ALL SMLE components are made from various grades of "Carbon" steel. ""Alloy" steels could ONLY be used by a maker upon approval of samples of the material submitted to the demi-gods at Ordnance / War Dept.
The taper on the striker forward of the collar is a fairly close match to the interior of the bolt head.
The trick is to select and fit a bolt head to a bolt body before fooling around with other parts.
If the new bolthead achieves headspace within tolerances, fine.
Do not try fitting a new bolthead with the bolt body "internals" in place ; it's a a bit tricky to "adjust" the bolt body with the striker in the way. Furthermore, leave the extractor off the bolthead whilst fitting; you get a greater degree of "feel" as the bolthead closes on the headspace gauge; no pressure from the extractor sliding up its little ramp.
BEFORE you go to the drama of re-fitting the striker, spring and cocking piece, check the striker protrusion by inserting it into the bolthead and gauging it.

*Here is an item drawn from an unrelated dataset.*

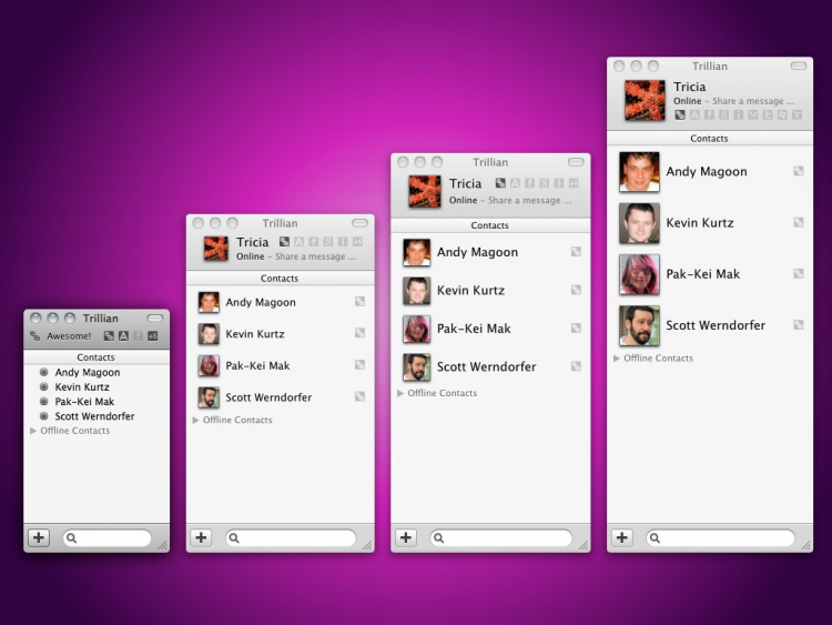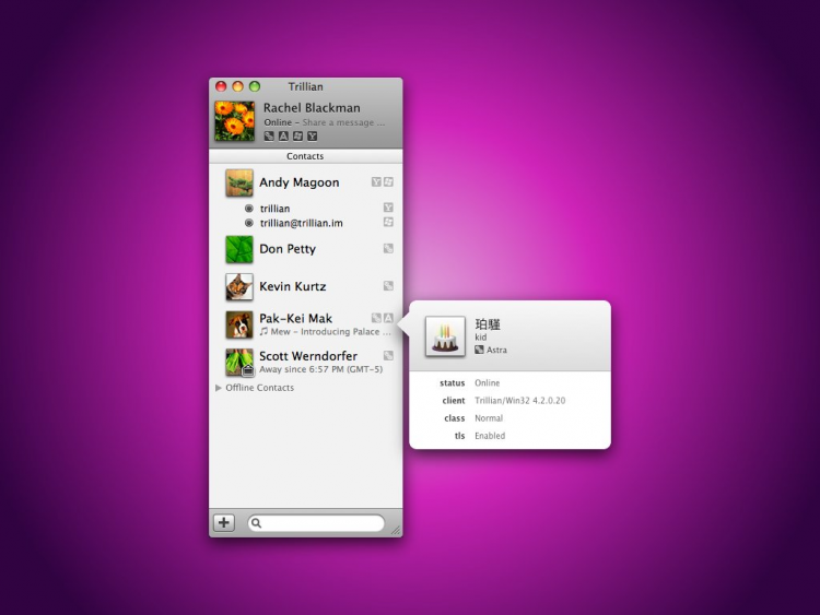 На борту программы имеются все мыслимые функции, которые вообще можно внедрить в программу данного толка и даже чуть больше. Разработчики насчитали более 400 функций программы. Программа поддерживает все популярные системы интернет-пейджинга: ICQ, Windows Live, Yahoo!, AIM, Google Talk и Jabber, а также такие сервисы как: Skype, IRC, Facebook, Twitter, foursquare и электронную почту. Помимо этого, программа имеет собственную сеть Astra, открытый протокол которой был разработан с нуля. Trillian Astra имеет массу разнообразных настроек, приятный интерфейс поддерживающий скины и систему плагинов.

If the striker spring looks shabby (pitted) and/or is below length, replace it; there must still be millions of these things out there; most users baulk at the prospect of changing them. The EXACT same spring is used in the SMLE AND the No4.
The spring specs are:
OAL: 3.3" -3.375"
OD .363"
ID .252"
32 coils of No. 18 SWG
Ends ground to length. NOT CLOSED
Strip ONCE, Assemble ONCE. This is especially important regarding the fit of the cocking piece to the striker. There is a 0.001" tolerance on the diameter dimension of the respective bearing surfaces on the striker and inside the cocking piece. It is effectively an interference fit of those parallel surfaces if assembled correctly.
Last edited by Bruce_in_Oz; 02-04-2016 at 08:46 PM.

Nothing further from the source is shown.